Regarding the management of WM, it was proposed that initiation of therapy can be based on symptoms such as recurrent fever, night sweats, fatigue, anemia, or weight loss rather than on the serum IgM levels. In addition, symptoms due to hyperviscosity syndrome, renal insufficiency, or symptomatic cryoglobulinemia may also be indications for therapy initiation [22]. Besides effective plasmapheresis in the management of hyperviscosity [19], chemotherapy with a combination of rituximab and 2-chloro-2′-deoxyadenosine (2-CDA), or of rituximab and bendamustine, has been proven effective for WM [23-25]. This was confirmed by the success of rituximab/2-CDA combination therapy in our Case 1 as well as a partial response of rituximab/bendamustine therapy in our Case 2. We also successfully managed Case 1 during the maintenance therapy with a combination of rituximab and thalidomide.
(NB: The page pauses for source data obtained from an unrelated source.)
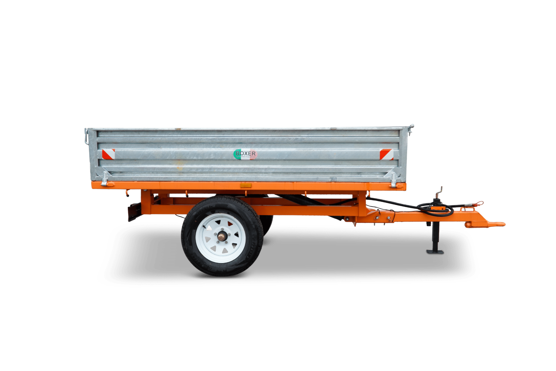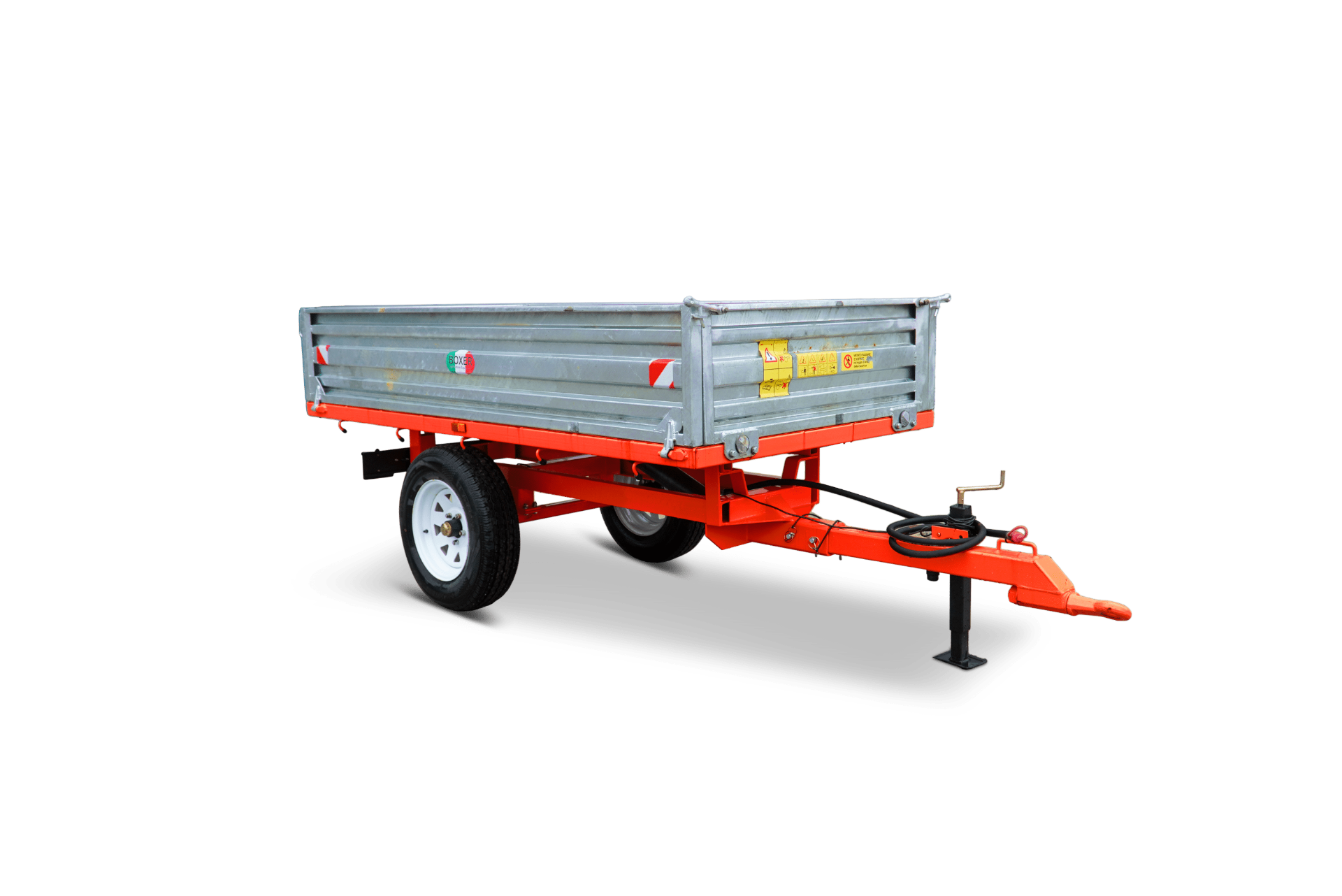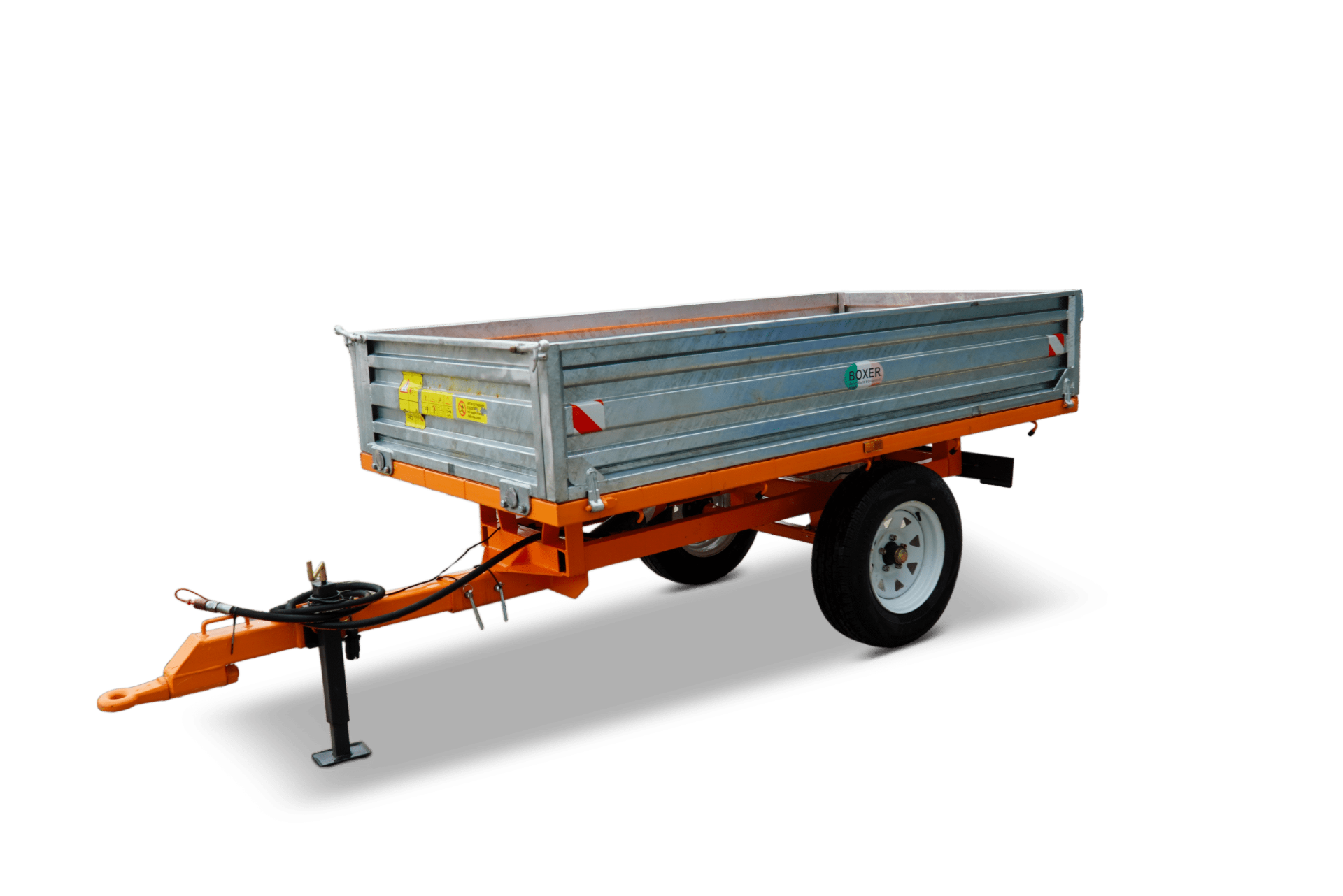 Deze 1 of 2 assige kipwagens zijn geschikt voor compact tractoren. Voorzien van gegalvaniseerde openklapbare zijborden, draaibaar trekoog en mechanische steunpoot. De achterslag is boven scharnierend en de kipper is hydraulisch kippend.
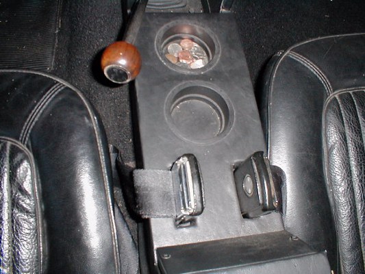 There are the cup holders and seatbelt holders. The cup holders were easy to get. We went to the store and bought some cheapo cup holders, then used a dremel to make them the right size. We did the seat belt holders because that is kinda like a '68 console. Also becasue there was no place for them.
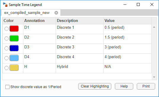 1.5000 0Легенда времени выборки показывает все частоты выборки, присутствующие в модели.
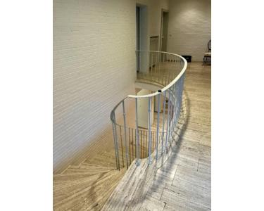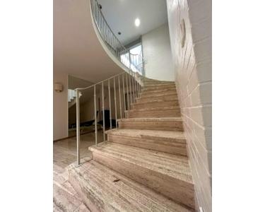 Ein eleganter Travertinboden verleiht dem Haus eine zeitlose, luxuriöse Note und erstreckt sich von der großzügigen Eingangshalle über die stilvoll geschwungene Treppe bis in den weitläufigen Flur der ersten Etage sowie das beeindruckende, ca. 45 m² große Wohnzimmer.
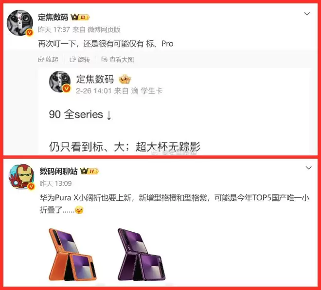 需要了解,从P系列升级为Pura以来一直维持的标准版、Pro版、Pro+版、Ultra版四档布局,这次可能直接缩成标准版和Pro版两个型号。
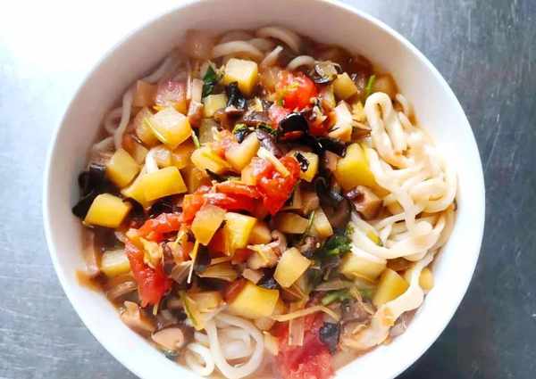 臊子面上桌瞭,味道鮮美很是誘人,吃上一口,酸香開胃特別好吃,不知不覺吃瞭兩碗,真是味美。
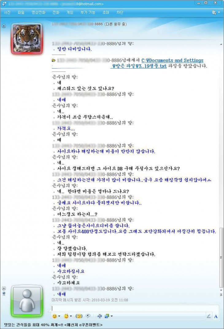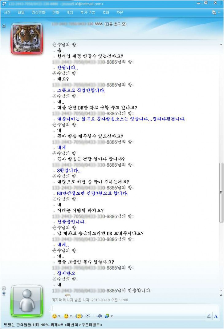 개인정보 9원 / 문자발송 7원 / 해킹 400 이랍니다..
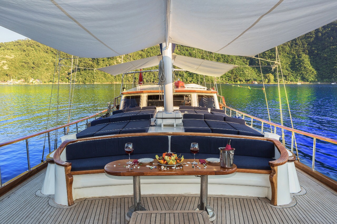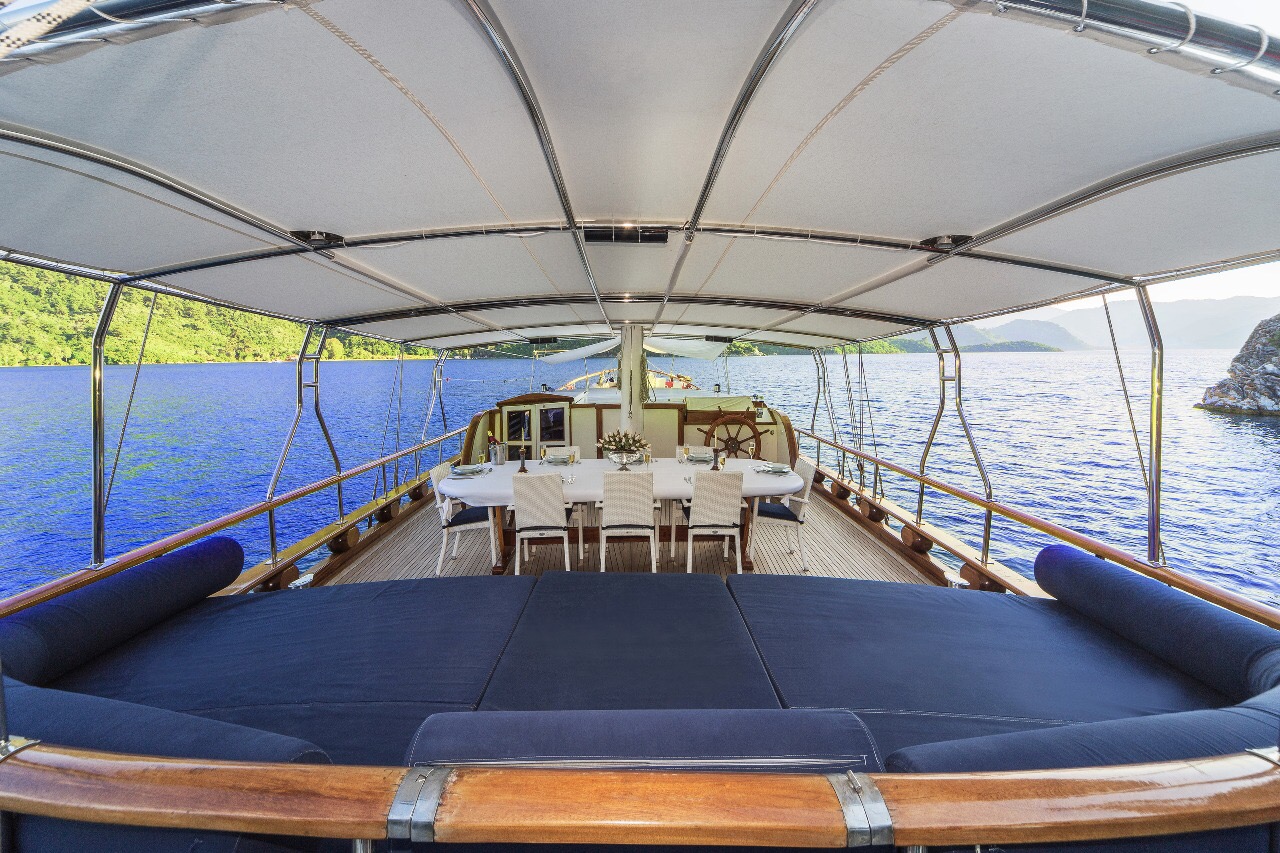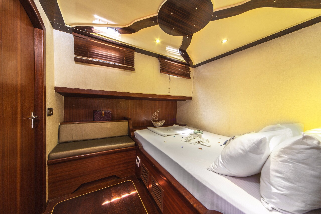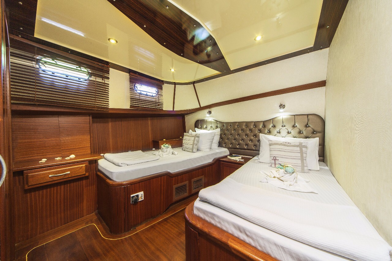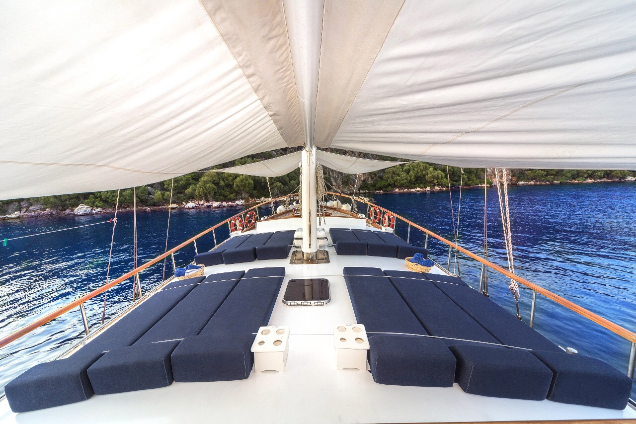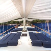 Gulet Remzi Yilmaz, based Marmaris, Turkey, heart of the Blue cruise route and convenient for Rhodes, Greece and the South Dodecanes Isles. Launched in 2012, this 27 metre ketch design yacht has modern and chic interior design. She has 6 cabins that accommodate up to 12 guests, 1 master 4 double and 1 twin, all are air-conditioned and have en-suite bathrooms. She is spacious and comfortable with ample dining and relaxation areas. TV, DVD, music system, internet are some of her many features. There are 4 professional crew to take care of you and a service boat with 40HP outboard, plus a selection of watersports. For groups of up to 12 guests, Remzi Yilmaz is an ideal choice to private charter.
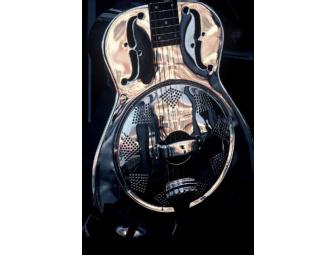 8x10 photograph of steel guitar with reflection, mounted on 12x16 canvas frame
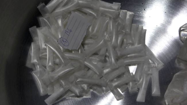 Tại phòng của Hùng, cảnh sát thu giữ 1 gói lớn và 6 túi nilon bên trong chứa tinh thể màu trắng nghi là ma túy đá…
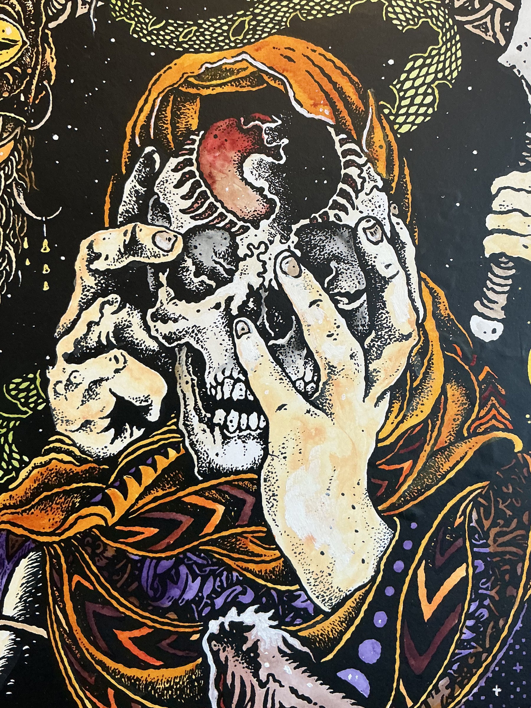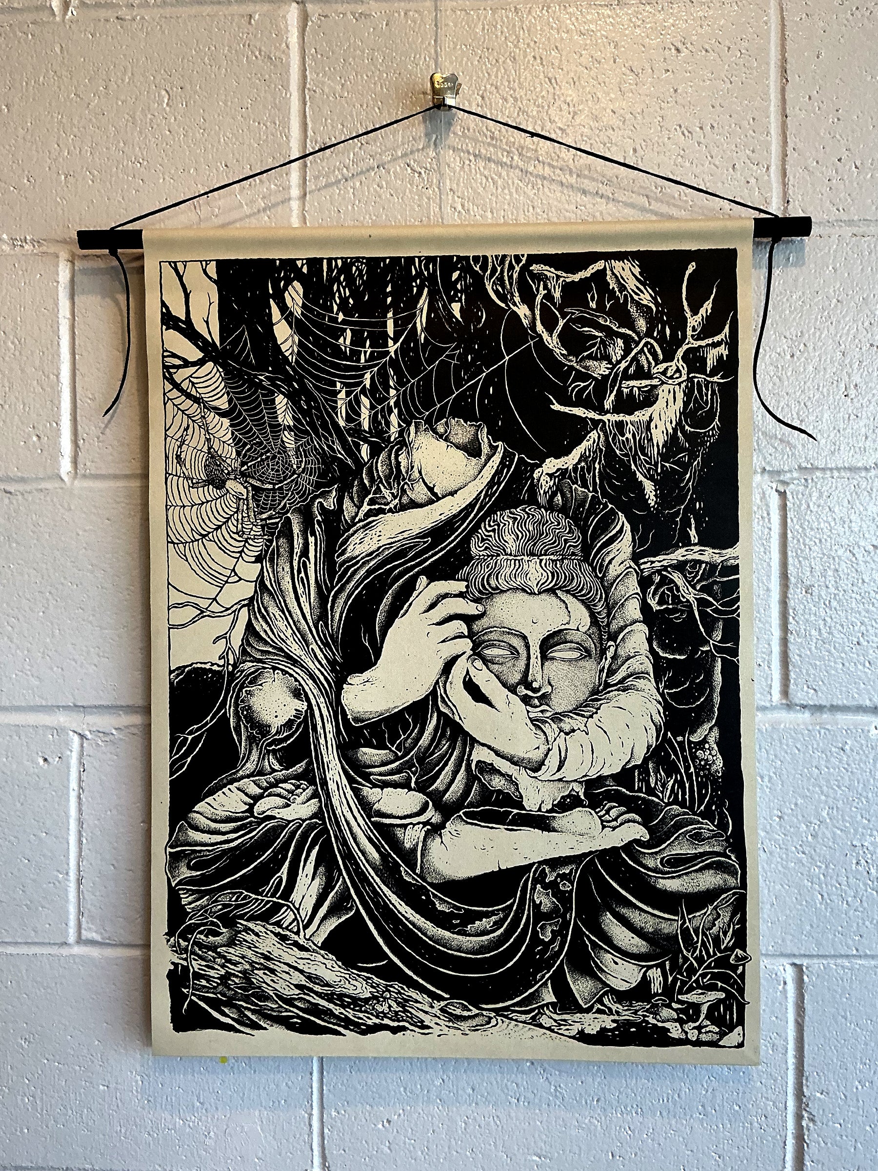All work was composed by hand utilizing India ink on wood panel.David’s inspiration includes Hindu mythology , William Blake, the Pacific Northwest landscape, bible parables, Hatha Yoga, turn of the century illustration, transcendental music, and the art of printmaking itself.
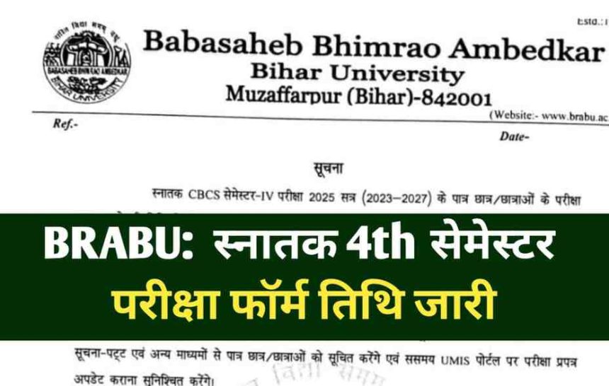 BRABU ने जारी किया नोटिस: पीजी 4th सेमेस्टर (2023-25) परीक्षा फॉर्म भरने की तिथि घोषित मुजफ्फरपुर। BRABU PG 4th Semester Exam Form Date 2023-25: बाबासाहेब भीमराव अम्बेडकर…
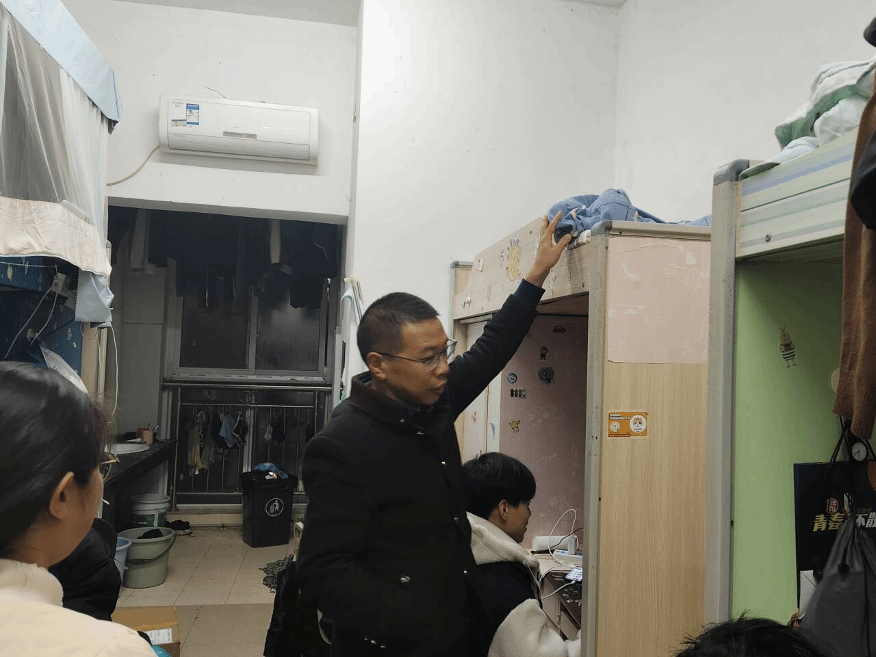 为深入了解学生冬季过冬情况,11月27日晚上21:00,我院党委书记李建新、院长米小其、党委副书记蒋旭军、副院长赵成刚、副院长张俊波分别带领全体辅导员(班主任)一行深入学生寝室开展“情谊暖寒冬,冬季送温暖”走访慰问活动。在走访慰问中,主要详细了解学生学习、生活、寒假返乡等情况,对学生存在困难及时给予关心和解决,嘱咐大家要提升安全意识,重视个人防护,加强体育锻炼,保持良好的生活习惯,以饱满的热情迎接期末考试,表达了学院全体教师对学生的亲切关怀。
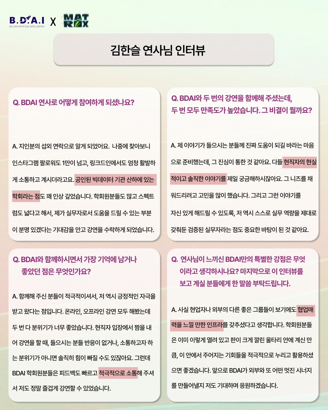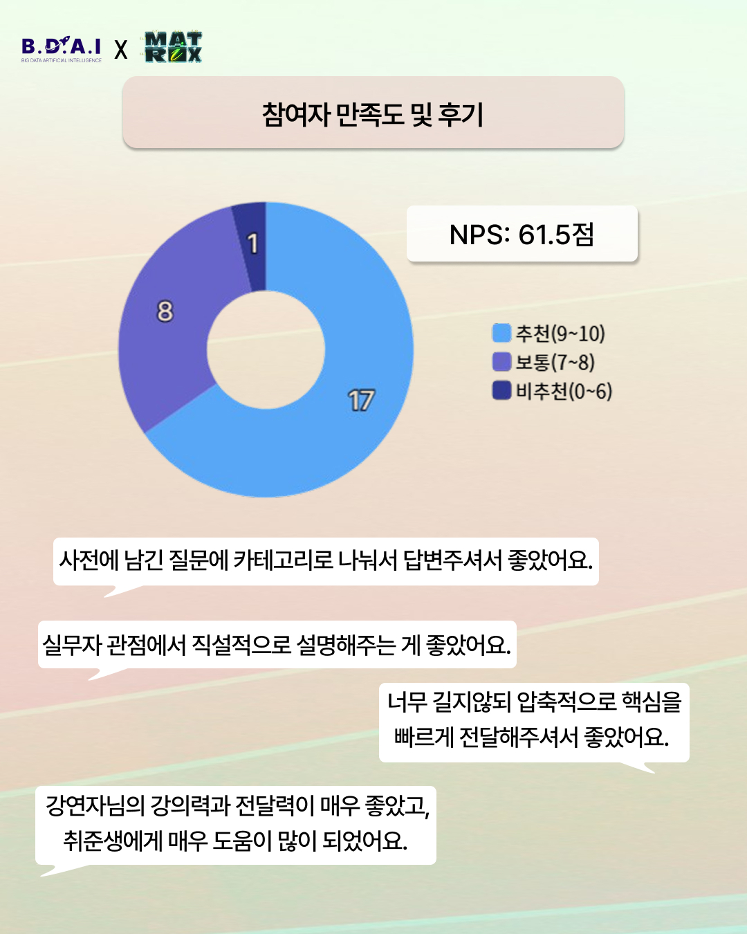 매 기수 보내주시는 소중한 피드백을 밑거름 삼아, 어제보다 더 성장하는 BDAI가 되겠습니다.
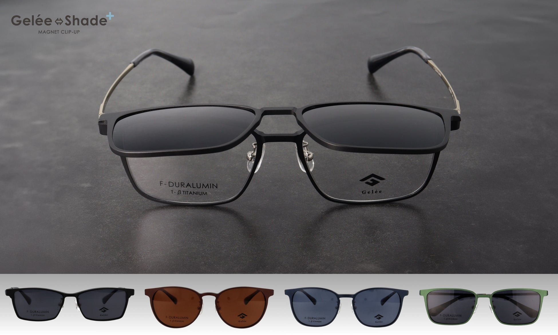 株式会社FUJIKON HOLDINGS(福井県鯖江市 代表取締役:藤田 徳之) は、高性能素材「ジュラルミン」を採用したメガネブランド「Gelee(ジュレ)」シリーズより、マグネット式クリップオンサングラスの新型モデル「Gelee Shade +(ジュレシェイド プラス)」を今年の12月中旬から全国の眼鏡店およびオンラインストアで順次発売します。

More recent treatment recommendations in the international consensus paper for WM include other novel and promising agents such as ofatumumab, lenalidomide, bortezomib, and the BTK inhibitor ibrutinib. [8]. However, because of his early death, our Case 2 lost the chance of receiving such novel therapeutic measures.

In summary, we presented two cases of WM; one with CNS symptoms and severe retinopathy, and one with renal failure that was due to tubulointerstitial infiltration of LPL cells (as confirmed by renal biopsy). To obtain excellent outcomes in patients with WM, it is essential that ophthalmological and/or renal problems are early diagnosed and appropriately managed.